Will Langstrom, my new coach and dickhead extraordinaire, walks toward  us and every head snaps up. Now that I am watching from a distance, I'll  admit that he's ridiculously hot. Just his stride is sexy. His tousled  brown hair, the hollows under his cheekbones, the upper lip. He's cocky  and it only makes him more appealing. I sort of hate us both for that  fact.

He grins. "Morning, ladies."

"Morning, Coach," they sing in unison. I remain silent. They're all  looking at him like he's Prince Charming and Christian Grey rolled into  one. He could pull down his pants right now and half of them would drop  to their knees. No wonder he's such a dick.

"I assume you've all met your new teammates," he says, with a glance at  me, but his voice holds no true expectation. Now it's their turn to be  conspicuously silent. He introduces the two freshmen first, and then he  turns to me. "And this is our only transfer. Olivia Finnegan comes to us  from UT."

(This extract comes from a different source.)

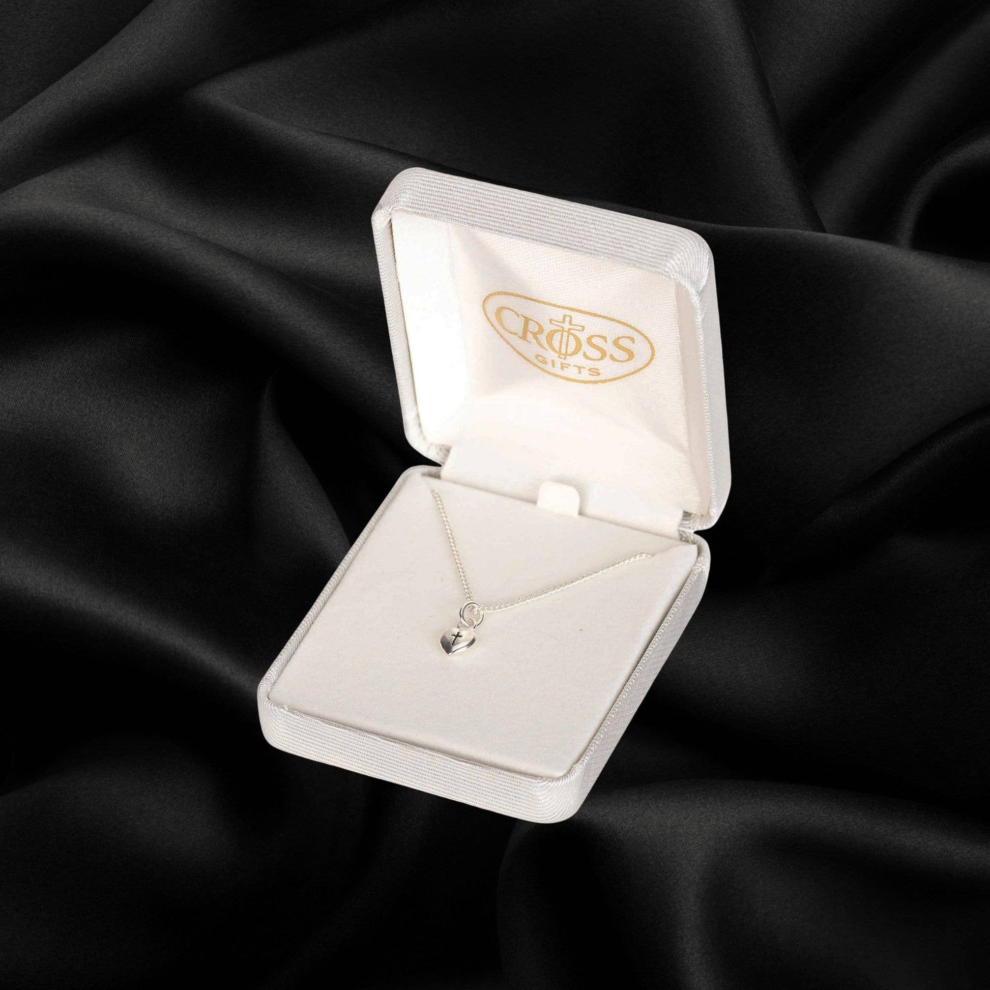 Mini puff heart with engraved cross on 13" chain necklace in white gift box dainty puff style heart is engraved with a simple cross. Makes a wonderful gift for a baby or young girl, or for older girls or women who prefer a shorter chain and small pendant. Silver plated heart is 1/4" long; silver plated chain is 13". Comes in white fabric covered gift box with hinged lid.
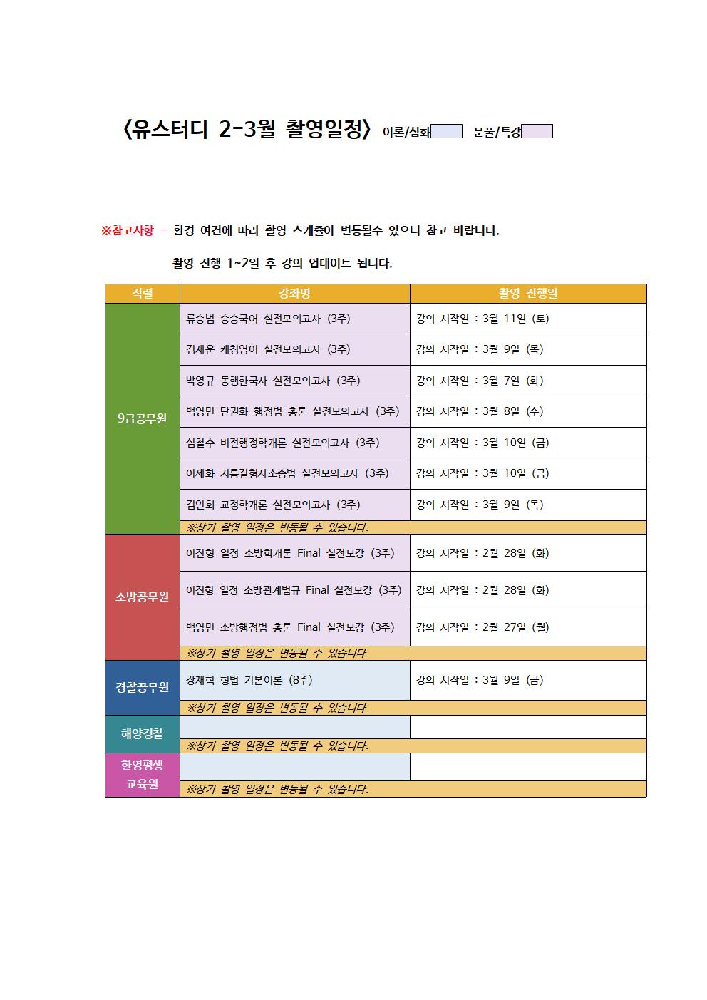 *유스터디 2023년 2-3월 신규 추가 촬영, 업그레이드 예정 과목입니다.

They look at me with some combination of expectation and delight in the  comeuppance I've clearly received, the D1 girl sent back to the minors,  but one who might just win them a title. They want to look down on me,  but they can't do it for too long because they want to look up to me as  well. He makes them all introduce themselves. Betsy, the one giving me  nasty looks, is the only name I remember. It's nice to put a name to the  face I'm probably going to rub in the dirt.

"We're running the 10-mile loop this morning, and it's your lucky day because I'm running with you."

There are collective groans, so I guess that's a bad thing. "Hit the road and let's see how many of you slacked this summer."

I haven't slacked. I spent the whole summer giving riding lessons during  the day and running morning and night. But that won't be reflected  today.



Betsy takes off and we follow. She sets a decent pace. Nothing to write  home about, but given that I barely had time to shower after my run this  morning, I'm okay with that.

Sometimes I don't feel it as much but today I do, that heaviness in my  thighs as if I'm asking them to lift a weight with each step, something  tepid running through me. It's not that I can't run 17 miles in a day. I  can. It's just that I can't run them fast. I can't sprint them. And I  must have sprinted this morning because my body has nothing left to push  me forward. I manage, though. I have to. I can't fuck up here too.

I wasn't surprised that I'd had a nightmare last night and woke up  nowhere near home. It's been happening since I was a kid, usually when  I'm under stress but sometimes for no discernible reason. There are  other people out there like me. They have a forum online where they  exchange stories, but I've never told mine. Their stories involve  running down a flight of stairs or maybe a block or two. Mine involve  running miles, running through the woods, waking up bleeding and  drenched in sweat.